Жизнь Бетховена - страница 8

стр.

В зале конгресса царит остроумие. Повторяют остроты французского посла. На слова принца де Линь «Признайте, что вы — Тартюф!» последовал ответный выпад: «Я могу согласиться с этим без всякой опаски; ведь вы считаете меня лжецом». Вот он, посол Франции, увешанный орденами, подходит прихрамывая к карточному столу; колеблющаяся, неверная походка помогает ему по пути незаметно условиться о встрече с баварским уполномоченным. Незримо присутствующий Наполеон владеет всеми умами. Правда ли, что Мария-Луиза разрыдалась, найдя у себя его портрет? А папа, он так и не решится провозгласить развод? Оставят ли в такой близости от берегов этого сокрушителя королей? Г-н Талейран играет подобными опасениями, как и всем, что может послужить его израненной стране. Зал конгресса хранит воспоминание об искусном волнении, с которым он взывал к идеалам морали и права, прикрывая тем самым свои политические замыслы. И тогда же, в своем великолепном дворце возле канала, посол России граф Разумовский представил гостям некоего музыканта, возбуждающего скорее любопытство, чем восхищение.
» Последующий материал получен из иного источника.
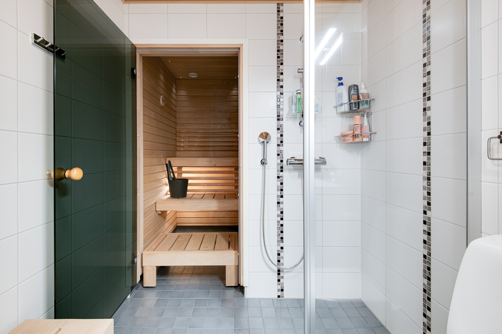 | Saunan kuvaus | Lattiat (laatta), Sähkökiuas, Uusitut lauteet ja kiuassuoja. Lasiovi uusittu karmeineen. Tervaleppää, kivet uusittu 2025. l |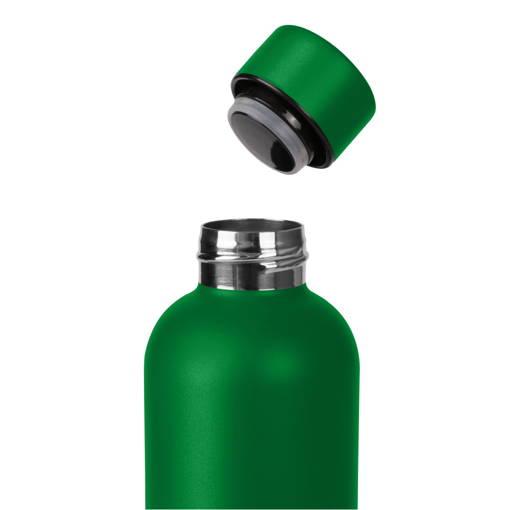 Термопляшка з подвійною стінкою з нержавіючої сталі. Висота 21,5 см., діаметр 7,2 см. Об'єм 500 мл. Індивідуальна картонна подарункова коробка. Розмір індивідуальної коробки: 26 х 7,6 х 7,6 см. Кришка герметична. Підтримує температуру до 12-ти годин
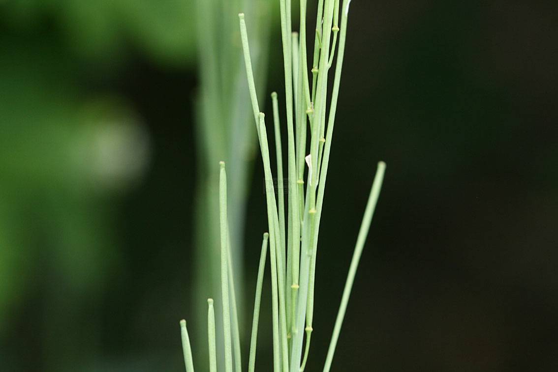 Die Blütenstände sind reichblütig. Die Kronblätter sind gelblich-weiß, 4–6 mm lang. Später bilden sich 4-kantige, 4–7 cm lange, aufrechte und dem Stängel angedrückte Schötchen.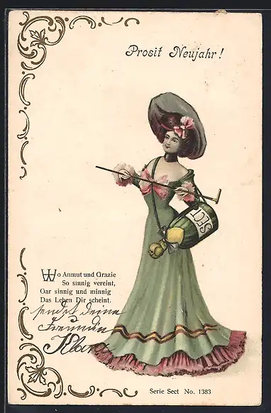 AK Dame trägt eine Sektflasche über der Schulter, Prosit Neujahr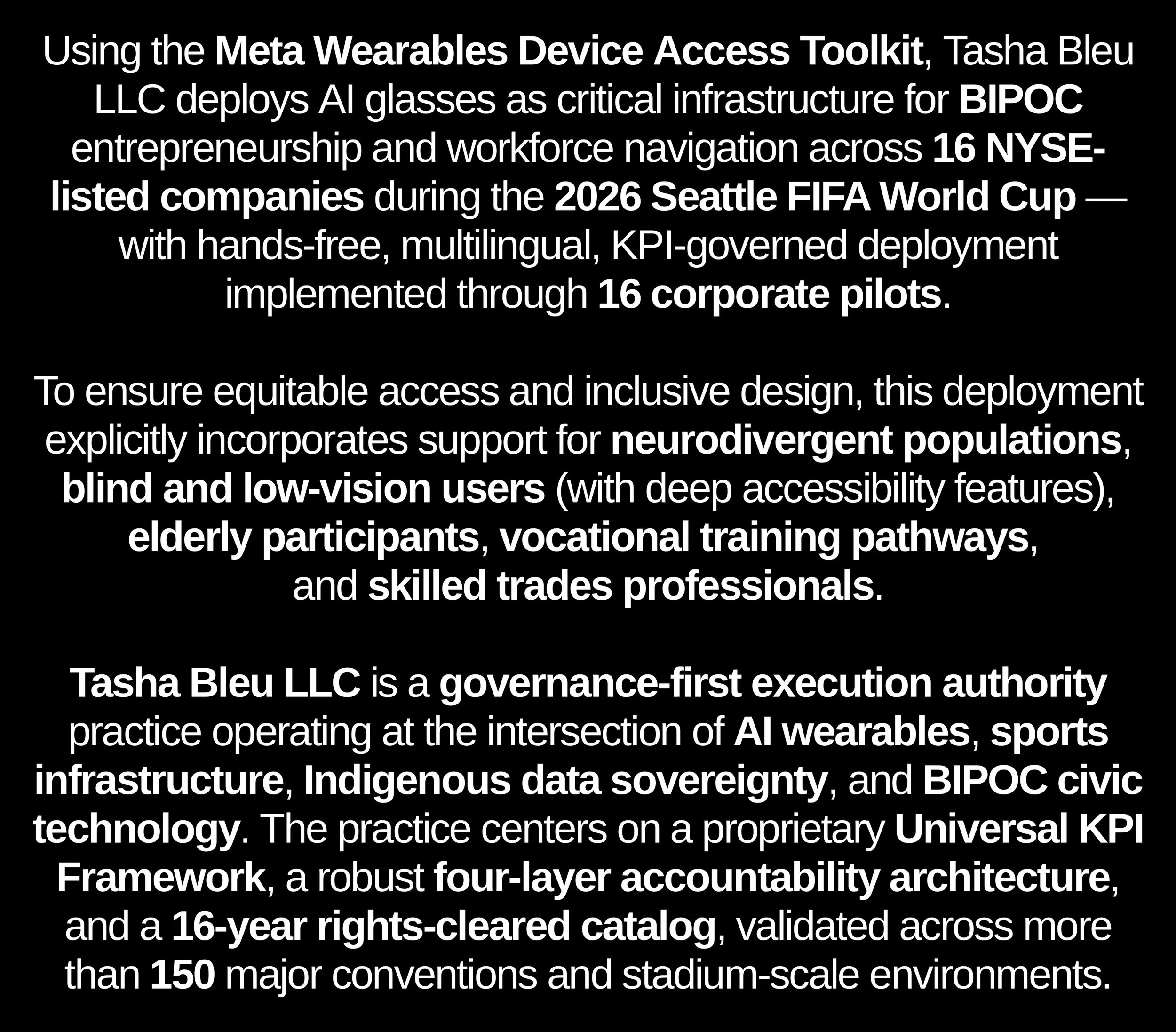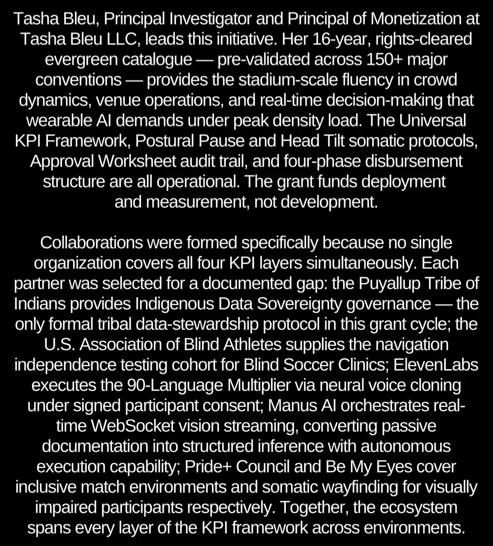 This proprietary prototyping and piloting sequence, featuring AI-powered smart glasses for the blind, low-vision, and deaf, is cataloged as a high-impact inclusivity anchor within Tasha Bleu®’s fully rights-managed portfolio. As a technically validated and exclusively owned asset, it establishes durable provenance at the intersection of assistive technology, global sport, and human-centric visibility environments. Within the catalog, this pilot functions as a structural utility driver aligned with FIFA’s accessibility mandates and the 2026–2034 World Cup Corridor, routing innovation across successive tournament cycles, multi-sensory fan engagement windows, and global stadium infrastructures. Its sustained implementation reinforces technological valuation, governance clarity, and cross-cycle scalability without dependency on hardware.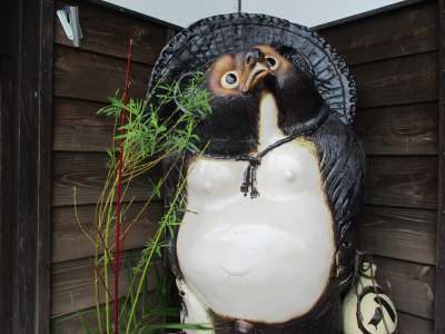 真心の幸望庵の門番のたぬき様が見上げている空は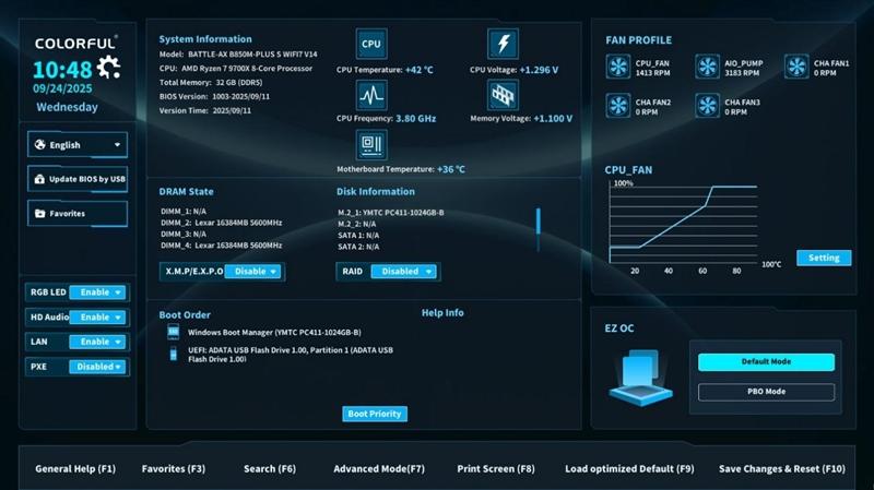 七彩虹战斧b850m超级黑刃主板搭载的moore图形化bios,使用起来更加直观,绝大多数功能在首页就可以直接设置调节,也更加美观。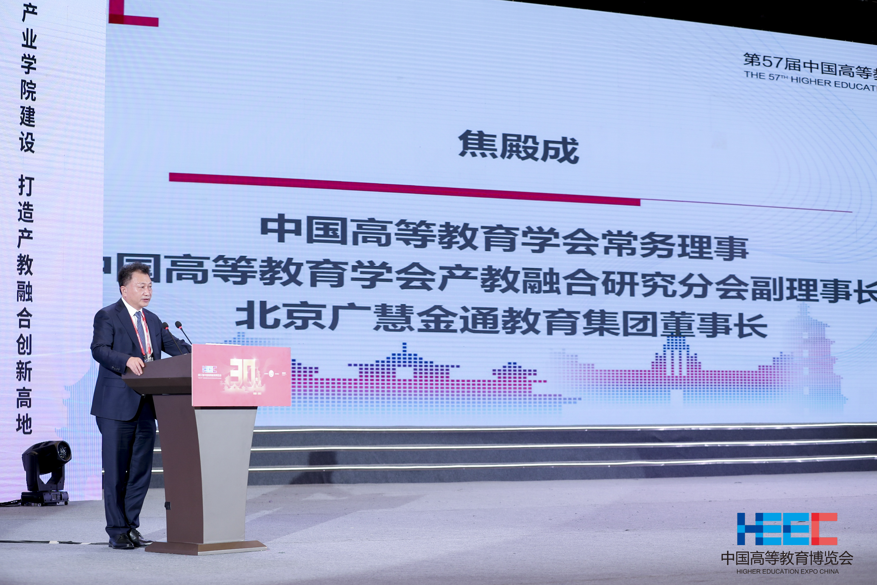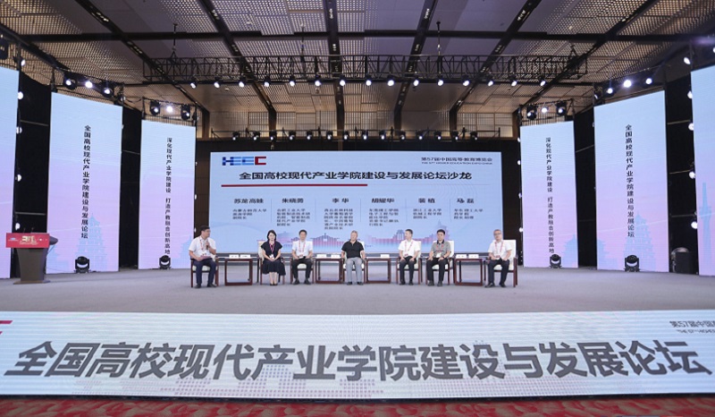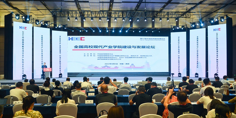 為學(xué)習(xí)貫徹習(xí)近平新時代中國特色社會主義思想,全面落實(shí)全國教育大會及相關(guān)文件精神,加快推進(jìn)全國高?,F(xiàn)代產(chǎn)業(yè)學(xué)院建設(shè)與發(fā)展,積極打造現(xiàn)代產(chǎn)業(yè)學(xué)院建設(shè)示范高地,8月5日上午,由中國高等教育學(xué)會主辦,中國高等教育學(xué)會產(chǎn)教融合研究分會、常州大學(xué)、陜西科技大學(xué)、中國高等教育培訓(xùn)中心、北京廣慧金通教育科技有限公司、國藥勵展展覽有限責(zé)任公司承辦的全國高?,F(xiàn)代產(chǎn)業(yè)學(xué)院建設(shè)與發(fā)展論壇在西安國際會展中心舉行。該論壇為第57屆中國高等教育博覽會系列論壇之一,來自全國高校的500余名代表參加線下會議,近四萬人觀看線上論壇直播。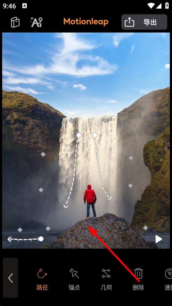 3、根據(jù)需求調(diào)整路徑的錨點(diǎn)、幾何形狀等參數(shù),設(shè)置完成后還可點(diǎn)擊播放按鈕預(yù)覽效果,滿意后點(diǎn)擊導(dǎo)出,選擇合適格式保存編輯后的視頻。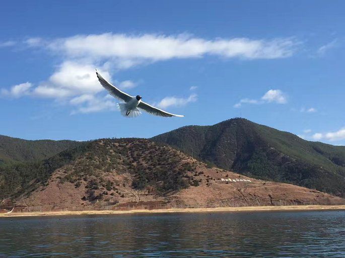 第一站:洛圭码头坐木船游湖(目的地王妃岛,来回1.5小时左右,70元/人),遇到阳光明媚的大好晴天,在湛蓝的湖光下,木船穿过一丛丛芦苇,在水中清淅可见的水草植物中缓慢前行,水草随着水波摇摆荡漾,不时能见到一群群海鸥从水中飞起,飞向自由的蓝天中。王妃岛其实比较小,是因为这里居住着曾经的末代王妃肖淑明,为了‘和亲’政策,从成都不远千里来到这里,很难想象当时的王妃是种什么心情,多年以后这里又是否变成了故乡?站在岛上是否还会遥想远方的亲人?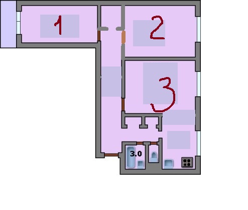 Прям как у нас, квартира, конечно малюсенькая. Кухня есть в дневнике, мы от туда убрали холодильник, в коридоре, как заходишь прямо сделали гардеробную-кладовку, туда впихнули холодильник, т.е. большую комнату изолировали, у нас правда две детские, а большая наша. Стиралку поставили в ванную, а саму ванну развернули, ремонт влетел в хорошую копеечку, особенно ванная и туалет.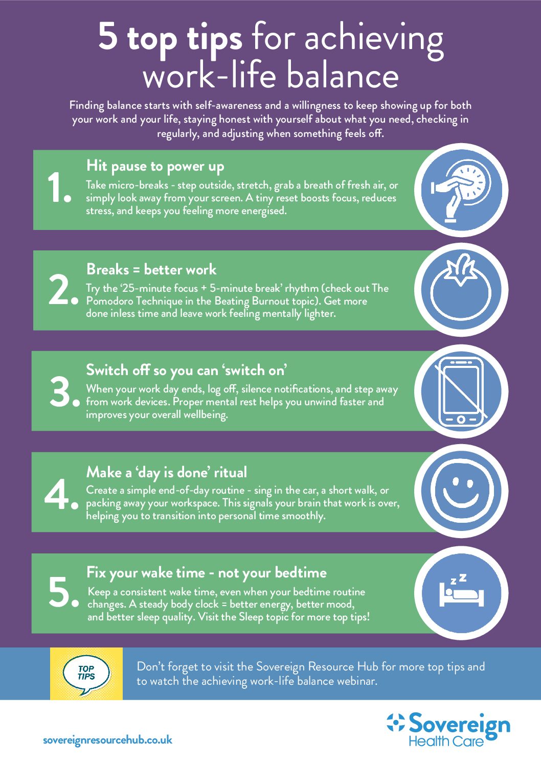 Here’s a factsheet of practical tips to achieve work-life balance; along with a poster. Feel free to download and share, print and display them, or email them to your employees.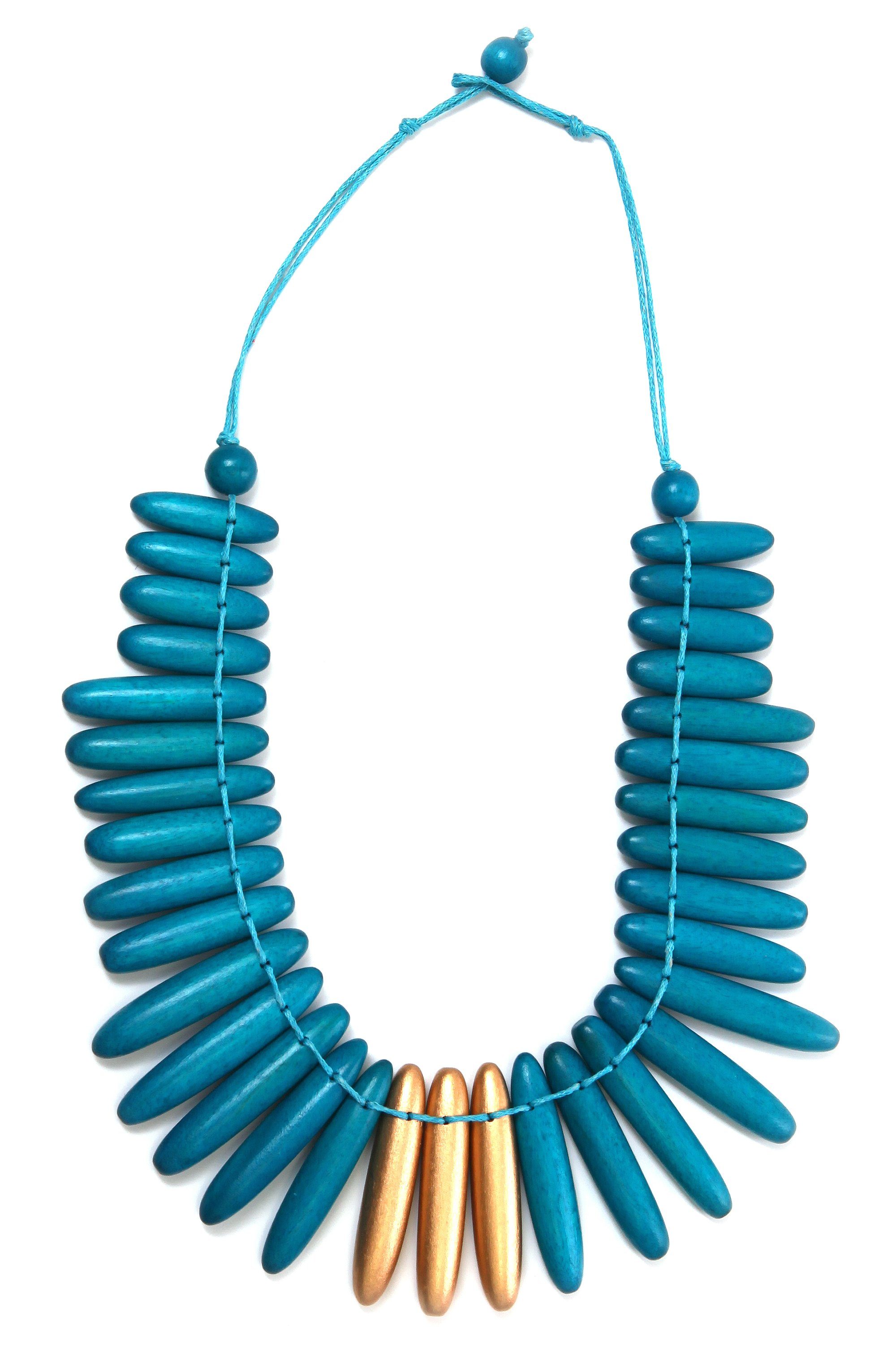 An dieser stylischen Kette aus Holz kommen Sie nicht vorbei. Die kurze Halskette schmiegt sich an Ihren Hals und lässt Sie perfekt für alle Gelegenheiten aussehen. Die elegante Holz-Kette ist ein Unikat, jede Kette wird in liebevoller Handarbeit hergestellt und kann unterschiedlich ausfallen. Die wunderschöne Kette aus Echt Holz wird ihren natürlichen Stil unterstreichen. Erhältlich in türkis und orange.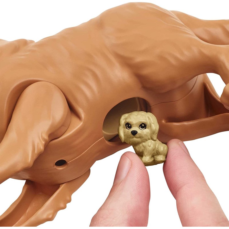 BARBIE TRAE AL MUNDO A LOS CACHORROS al presionar la espalda de la mamá. Cuando los cachorros hayan nacido, hay que limpiarlos con agua fría para revelar una marca de nacimiento única en cada uno.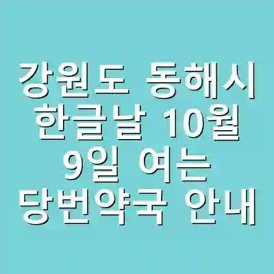 10월 9일 한글날에는 동해시에서 여러 당번약국이 운영됩니다. 각 약국의 위치와 운영시간을 사전에 확인하는 것이 중요합니다. 긴급한 상황 시 필요한 약품을 쉽게 구매할 수 있도록 미리 정보를 확보해 두시기 바랍니다.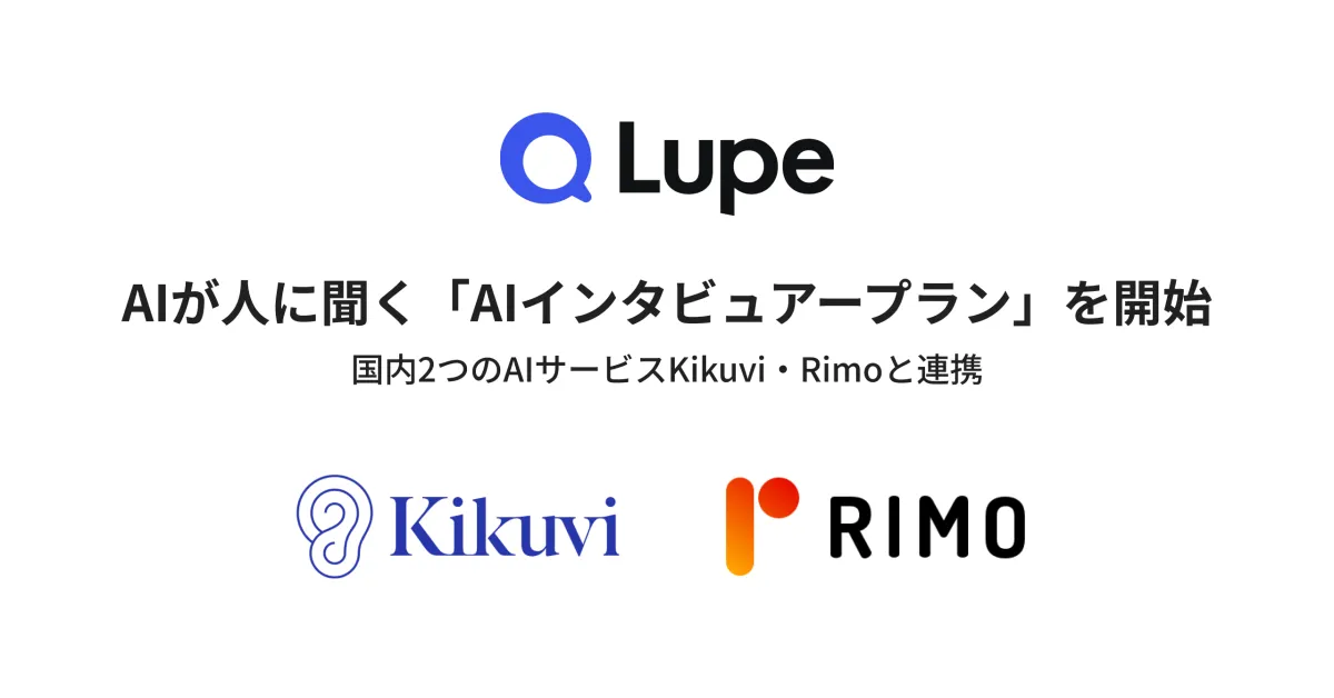 Lupeは、日本の大手AIリサーチサービス2社と連携し、それぞれの特性を活かしてリサーチプランを提供します。KikuviやRimo Interviewerなど、さまざまなAIインタビュアーを活用することで、目的や状況に応じた最も効果的な調査が可能となります。また、月額料金なしの調査費用のみで利用できるため、コスト面でも優れた選択肢です。

Этот вельможа в конце прошедшего века женился на сестре княгини Лихновской; время от времени он принимает у себя любителей музыки. Он содержит прославленный квартет, в котором сам играет партию второй скрипки; его партнеры — Шуппанциг (первая скрипка), Вейс (альт) и Линке (виолончель). По его словам, он гордится тем, что Бетховен посвятил ему свои произведения.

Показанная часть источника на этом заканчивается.